---- PROVIDED RECORDS

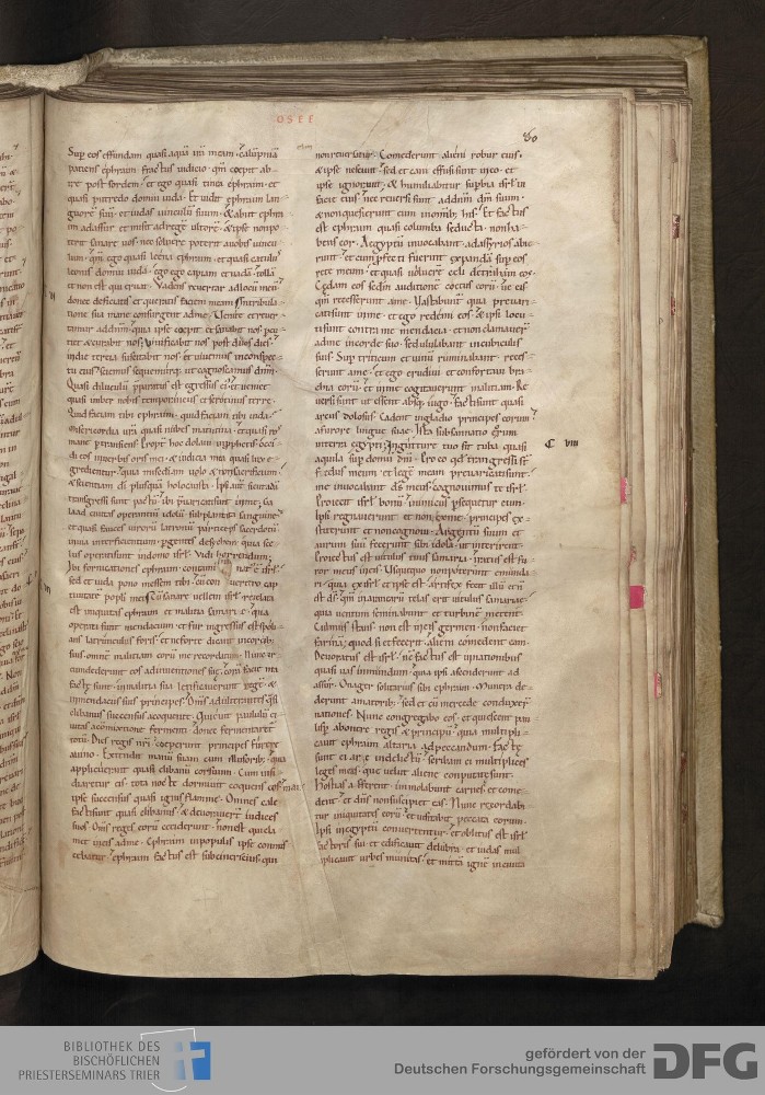 - TextGrid Repository (2017). Bibliothek des Bischöflichen Priesterseminars, Hs. 1. Inhalte. Bibliothek des Bischöflichen Priesterseminars Trier Hs. 1. Bibel aus St. Matthias/Altes Testament. Blatt 60r. Blatt 60r. Virtuelles Skriptorium St. Matthias. Bibliothek des Bischöflichen Priesterseminars Trier. https://hdl.handle.net/11378/0000-0006-0E45-E
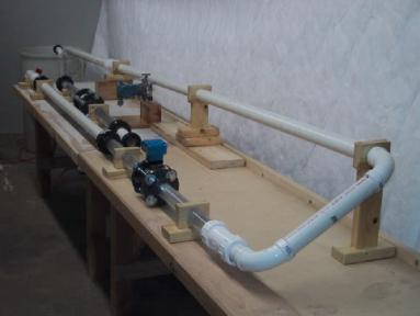 After master meter calibration with a straight walled pipe in the test section, primary elements will be mounted for test. A Rosemount 3095 pressure transmitter will receive and interpret the pressure differentials created by the primary elements in the flow.
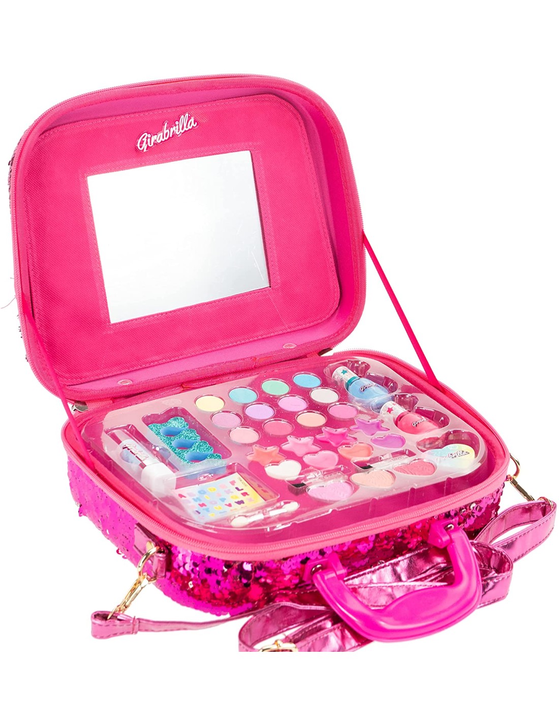 Scintillante valigetta Girabrilla Make Up case MAGENTA/SILVER Rivestita con un magico strato di paillettes reversibili che cambiano colore! All'interno è presente un vassoio make-up con 12 ombretti, 8 lipgloss, 3 fard, 1 lucidalabbra in crema, 2 smalti, 1 separadita, 1 lima a forma di cuore, applicatori per trucco, adesivi per unghie. Prodotto originale Girabrilla. Paraben Free Età consigliata: 6+
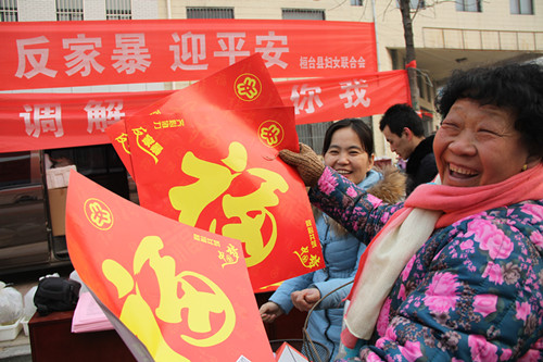 1月21日,桓台县妇联维权工作人员走进唐山镇大集,走近妇女,开展了以“拒绝家庭暴力,共促平安和谐”为主题的“送福字 反家暴 迎平安”送新春福字宣传活动。活动当天,共送出福字1000余张、月历牌300余份、《反家庭暴力亮点解读》500余份、妇女小额担保贷款政策明白纸500余份等。妇联维权工作人员为群众讲解了《反家庭暴力法》等法律法规知识,呼吁群众主动参与到反家庭暴力活动中来,为构建平安和谐桓台贡献一份力量。工作人员还指导妇女们通过扫微信的方式关注省、市妇联微信公众号,不断扩大妇联工作的宣传面。其它镇(街道)妇联也积极以各种形式参与到反家庭暴力送新春福字宣传活动中来,反家暴宣传在全县全面铺开。(桓台县妇联)
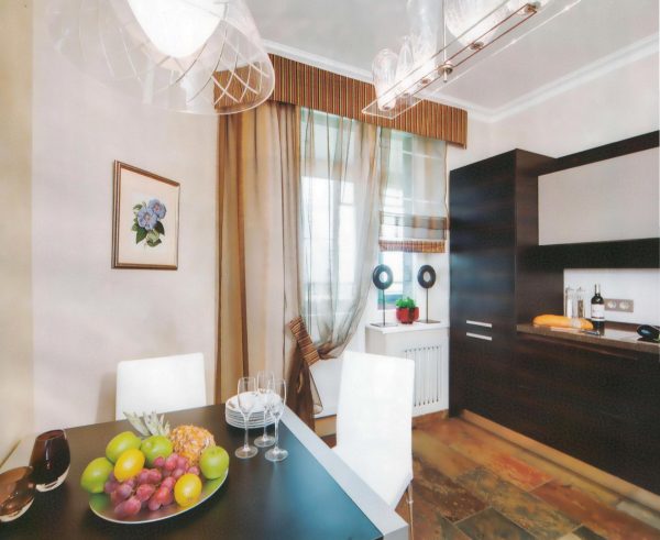 Pour les classiques et baroques, les rideaux en tissus luxueux avec des rideaux volumineux doivent être préférés. Avouons-le, les cuisines sont loin d'être l'option la plus appropriée. Tout d'abord, en raison des spécificités de la pièce. Deuxièmement, ces rideaux mangeront visuellement l'espace dans la cuisine déjà petite. Exactement ceux-ci dans la plupart des appartements de notre pays et dans l'espace post-soviétique.
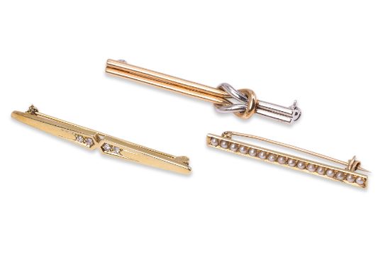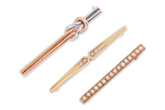 To include a two tone gold sample, marked '585' for 14K, a seed split pearl sample mounted in yellow gold setting marked '14K', and an unmarked yellow gold sample accented with round single cut diamonds totalling approximately 0.06 Cts.
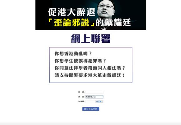 何君堯在網上發起聯署要求港大辭退戴耀廷。圖:互聯網
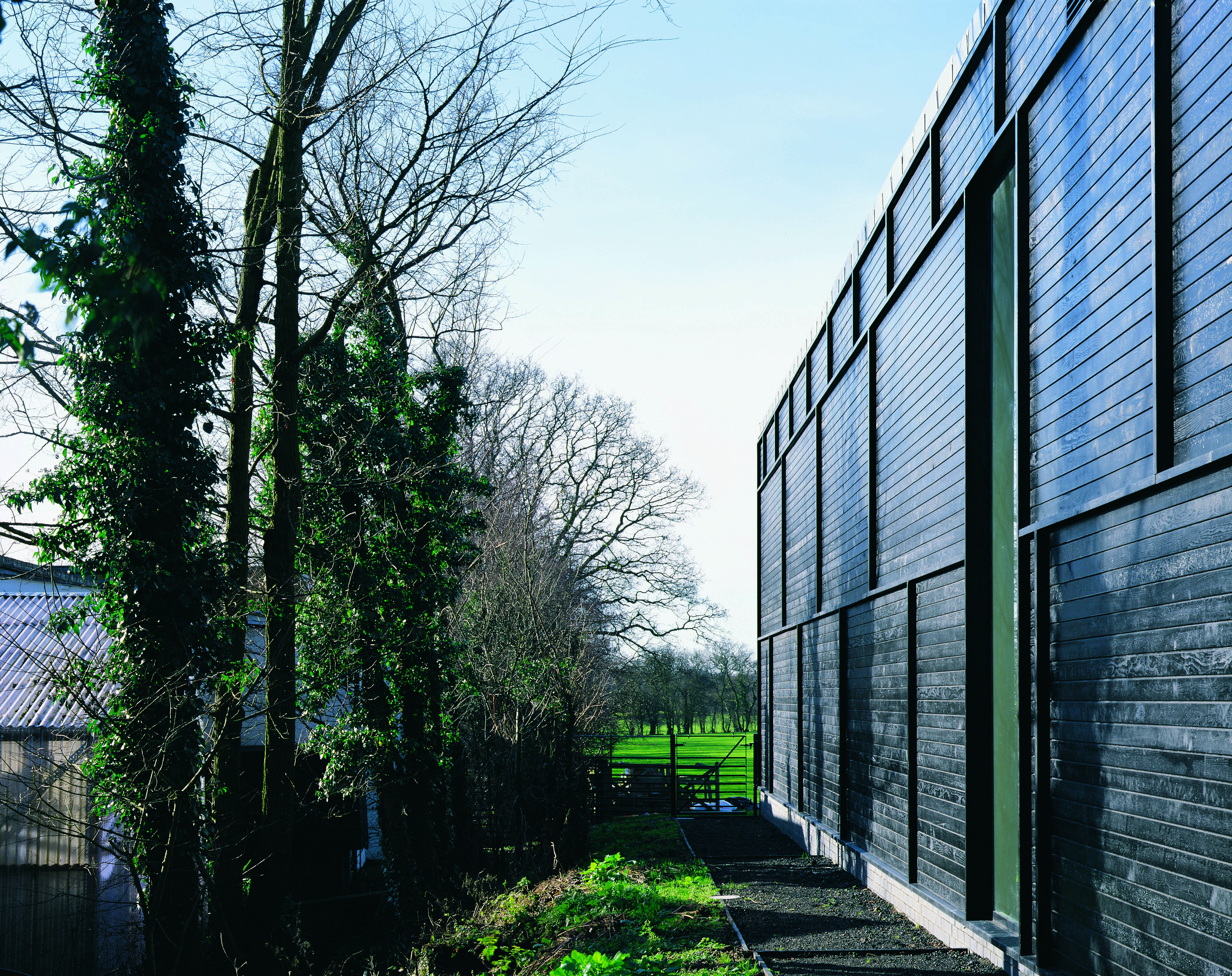 With a base of Staffordshire blue bricks, the elevations appear from a distance to be constructed from the black-stained weather-boarding. The simplicity of the interior means that it still feels like a barn. The zinc roof was selected for aesthetic reasons.
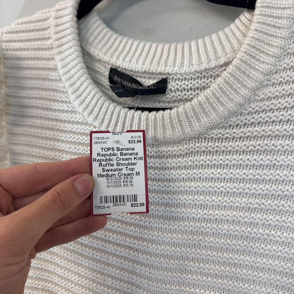 Banana Republic Cream Knit Ruffle Shoulder Sweater Top Medium
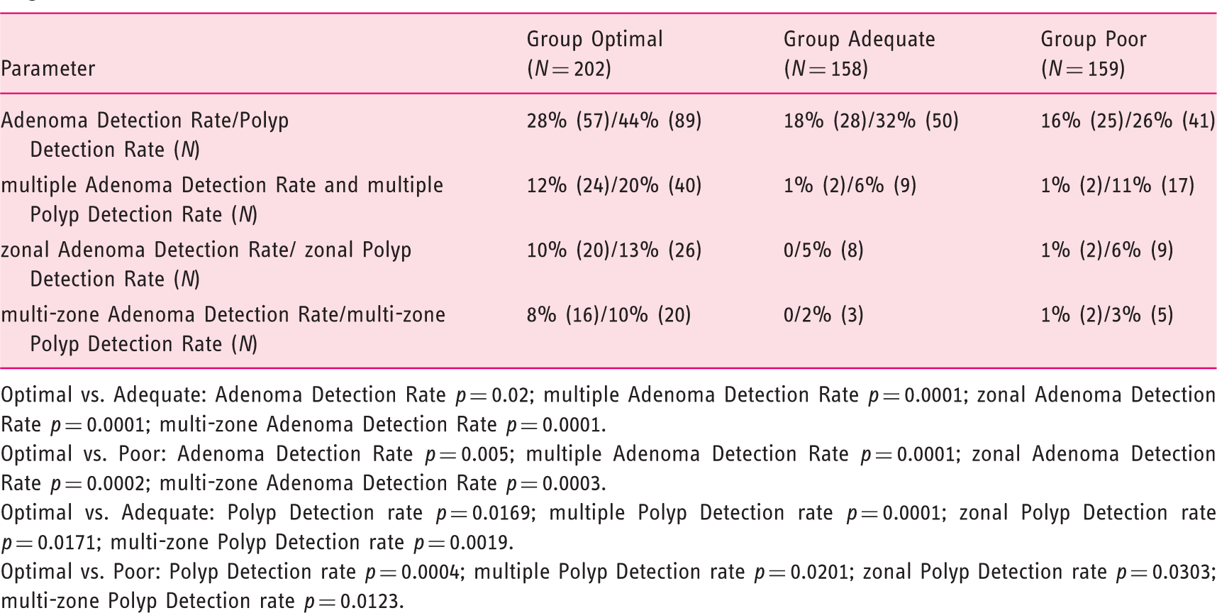 An optimal level of bowel preparation was strongly associated not only with a higher adenoma detection rate, but also with a higher chance of detecting multiple clinically relevant lesions in adjacent or discrete segments of the colon.
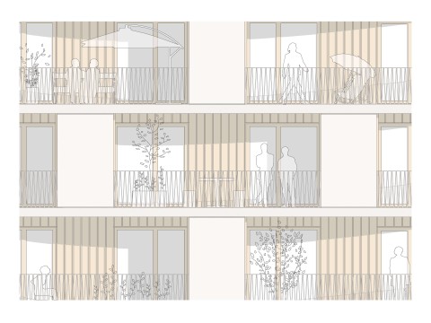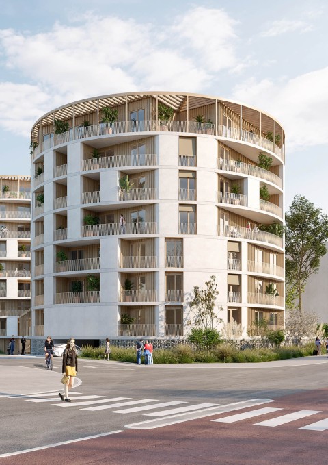 En attique, le plan s’affine et libère des terrasses plein ciel très généreuses, protégées cependant par une pergola qui reprend le thème générique du cercle. Les façades des attiques sont entièrement revêtues de bardage bois à l’image des fonds de loggias.
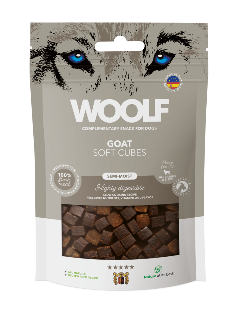 Woolf Soft Cubes sind ein Hundesnack mit einer charakteristischen halbfeuchten Textur, der vollständig aus natürlichen Zutaten hergestellt wird.
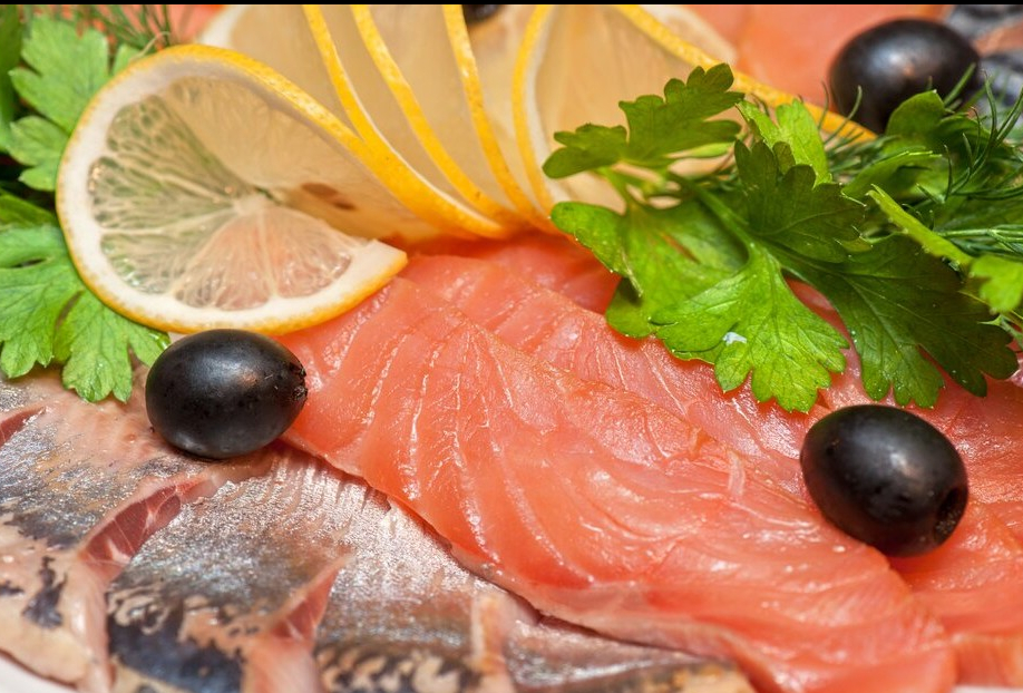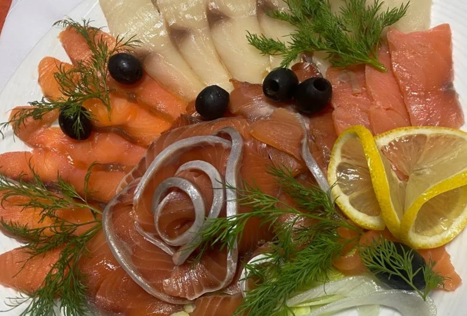 Кета м/с, горбуша х/к, сельдь м/с, лимон, маслины, зелень
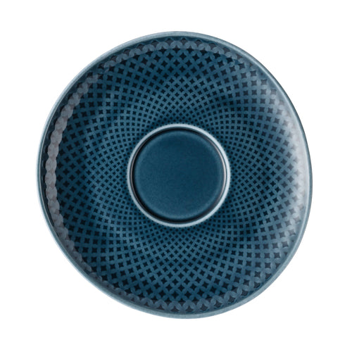 Saucer, 6" dia., round/freeform, hand-glazed, relief on front & back, porcelain, Rosenthal, Junto, ocean blue
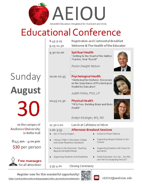 The AEIOU Educational Conference will be hosted at Andrews University on Sunday, Aug. 30, from 8:30 a.m.-4:00 p.m. Guest presenters include Dwight Nelson, Judith Fisher and Evelyn Kissinger. Registration is required and there is a $30 fee. ... read more
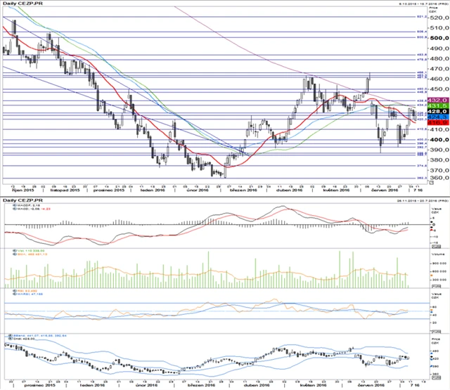 Akcie ČEZ se odrazil od své lokální podpory na úrovni 392 Kč a překročil 20denní klouzavý průměr. Rezistenci titul našel u 50denního průměru a hranice mezery (gapu) vytvořené předchozím propadem, kde se konsolidoval kolem úrovně nad 420 Kč. Důležitá krátkodobá úroveň rezistence je 434 Kč a klouzavé průměry u ní. Technické indikátory ukazují na spíše prorůstové tendence, ale slabší intenzity. MACD prorazila zespodu signální linii a pokračuje růstem, ale při klesajících objemech. RSI nadále testuje hranici 50 bodů. ROC pokračují v růstu.
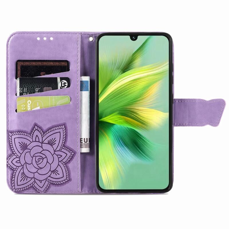 Θήκη τηλεφώνου από δέρμα με ανάγλυφο σχέδιο πεταλούδας και λουλουδιών για Infinix Note 30i (Μαύρο)
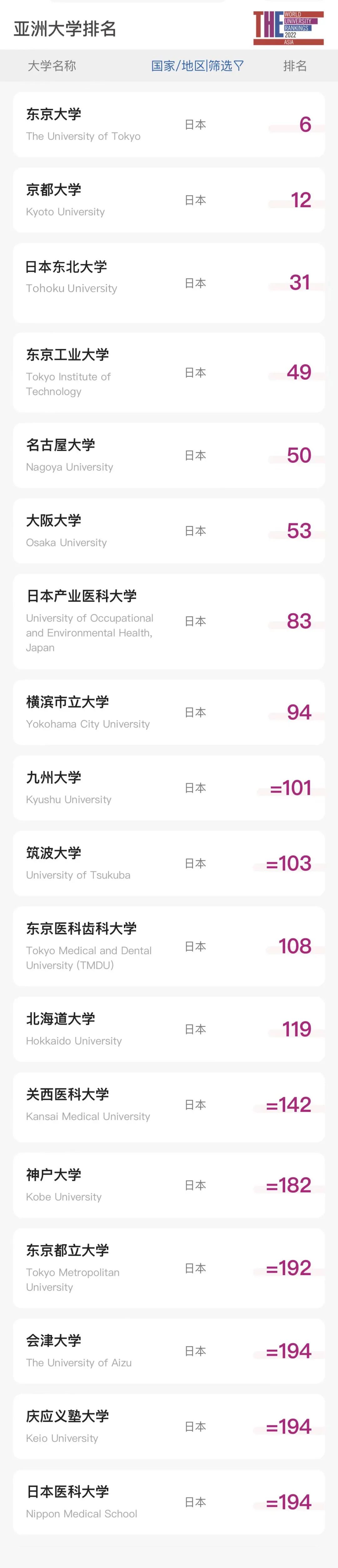 2022年度泰晤士高等教育亞洲大學排名正式揭曉,依托排名評選出來自亞洲30個國家和地區中最好的大學和學院。
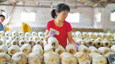 近日,记者走进新兴县簕竹镇非雷村,发现进村处的鸡舍发生了大变样,原本的鸡舍内,一列列菇菌包摆放整齐,菌包两端的秀珍菇竞相生长,旁边的工作人员正在小心翼翼地把菇摘下(如图),在另一边,工作人员忙碌着为新一批的蘑菇接种……原来,昔日充斥着饲料、粪便气味的鸡舍早已被清除,如今已转变成种植蘑菇的“秀珍菇”房。

--------

## PROBLEM DETAILS:
Write out the listing again word for word, but without its pictures.

## ANSWER:
 - TextGrid Repository (2017). Bibliothek des Bischöflichen Priesterseminars, Hs. 1. Inhalte. Bibliothek des Bischöflichen Priesterseminars Trier Hs. 1. Bibel aus St. Matthias/Altes Testament. Blatt 60r. Blatt 60r. Virtuelles Skriptorium St. Matthias. Bibliothek des Bischöflichen Priesterseminars Trier. https://hdl.handle.net/11378/0000-0006-0E45-E
 After master meter calibration with a straight walled pipe in the test section, primary elements will be mounted for test. A Rosemount 3095 pressure transmitter will receive and interpret the pressure differentials created by the primary elements in the flow.
 Scintillante valigetta Girabrilla Make Up case MAGENTA/SILVER Rivestita con un magico strato di paillettes reversibili che cambiano colore! All'interno è presente un vassoio make-up con 12 ombretti, 8 lipgloss, 3 fard, 1 lucidalabbra in crema, 2 smalti, 1 separadita, 1 lima a forma di cuore, applicatori per trucco, adesivi per unghie. Prodotto originale Girabrilla. Paraben Free Età consigliata: 6+
 1月21日,桓台县妇联维权工作人员走进唐山镇大集,走近妇女,开展了以“拒绝家庭暴力,共促平安和谐”为主题的“送福字 反家暴 迎平安”送新春福字宣传活动。活动当天,共送出福字1000余张、月历牌300余份、《反家庭暴力亮点解读》500余份、妇女小额担保贷款政策明白纸500余份等。妇联维权工作人员为群众讲解了《反家庭暴力法》等法律法规知识,呼吁群众主动参与到反家庭暴力活动中来,为构建平安和谐桓台贡献一份力量。工作人员还指导妇女们通过扫微信的方式关注省、市妇联微信公众号,不断扩大妇联工作的宣传面。其它镇(街道)妇联也积极以各种形式参与到反家庭暴力送新春福字宣传活动中来,反家暴宣传在全县全面铺开。(桓台县妇联)
 Pour les classiques et baroques, les rideaux en tissus luxueux avec des rideaux volumineux doivent être préférés. Avouons-le, les cuisines sont loin d'être l'option la plus appropriée. Tout d'abord, en raison des spécificités de la pièce. Deuxièmement, ces rideaux mangeront visuellement l'espace dans la cuisine déjà petite. Exactement ceux-ci dans la plupart des appartements de notre pays et dans l'espace post-soviétique.
 To include a two tone gold sample, marked '585' for 14K, a seed split pearl sample mounted in yellow gold setting marked '14K', and an unmarked yellow gold sample accented with round single cut diamonds totalling approximately 0.06 Cts.
 何君堯在網上發起聯署要求港大辭退戴耀廷。圖:互聯網
 With a base of Staffordshire blue bricks, the elevations appear from a distance to be constructed from the black-stained weather-boarding. The simplicity of the interior means that it still feels like a barn. The zinc roof was selected for aesthetic reasons.
 Banana Republic Cream Knit Ruffle Shoulder Sweater Top Medium
 An optimal level of bowel preparation was strongly associated not only with a higher adenoma detection rate, but also with a higher chance of detecting multiple clinically relevant lesions in adjacent or discrete segments of the colon.
 En attique, le plan s’affine et libère des terrasses plein ciel très généreuses, protégées cependant par une pergola qui reprend le thème générique du cercle. Les façades des attiques sont entièrement revêtues de bardage bois à l’image des fonds de loggias.
 Woolf Soft Cubes sind ein Hundesnack mit einer charakteristischen halbfeuchten Textur, der vollständig aus natürlichen Zutaten hergestellt wird.
 Кета м/с, горбуша х/к, сельдь м/с, лимон, маслины, зелень
 Saucer, 6" dia., round/freeform, hand-glazed, relief on front & back, porcelain, Rosenthal, Junto, ocean blue
 The AEIOU Educational Conference will be hosted at Andrews University on Sunday, Aug. 30, from 8:30 a.m.-4:00 p.m. Guest presenters include Dwight Nelson, Judith Fisher and Evelyn Kissinger. Registration is required and there is a $30 fee. ... read more
 Akcie ČEZ se odrazil od své lokální podpory na úrovni 392 Kč a překročil 20denní klouzavý průměr. Rezistenci titul našel u 50denního průměru a hranice mezery (gapu) vytvořené předchozím propadem, kde se konsolidoval kolem úrovně nad 420 Kč. Důležitá krátkodobá úroveň rezistence je 434 Kč a klouzavé průměry u ní. Technické indikátory ukazují na spíše prorůstové tendence, ale slabší intenzity. MACD prorazila zespodu signální linii a pokračuje růstem, ale při klesajících objemech. RSI nadále testuje hranici 50 bodů. ROC pokračují v růstu.
 Θήκη τηλεφώνου από δέρμα με ανάγλυφο σχέδιο πεταλούδας και λουλουδιών για Infinix Note 30i (Μαύρο)
 2022年度泰晤士高等教育亞洲大學排名正式揭曉,依托排名評選出來自亞洲30個國家和地區中最好的大學和學院。
 近日,记者走进新兴县簕竹镇非雷村,发现进村处的鸡舍发生了大变样,原本的鸡舍内,一列列菇菌包摆放整齐,菌包两端的秀珍菇竞相生长,旁边的工作人员正在小心翼翼地把菇摘下(如图),在另一边,工作人员忙碌着为新一批的蘑菇接种……原来,昔日充斥着饲料、粪便气味的鸡舍早已被清除,如今已转变成种植蘑菇的“秀珍菇”房。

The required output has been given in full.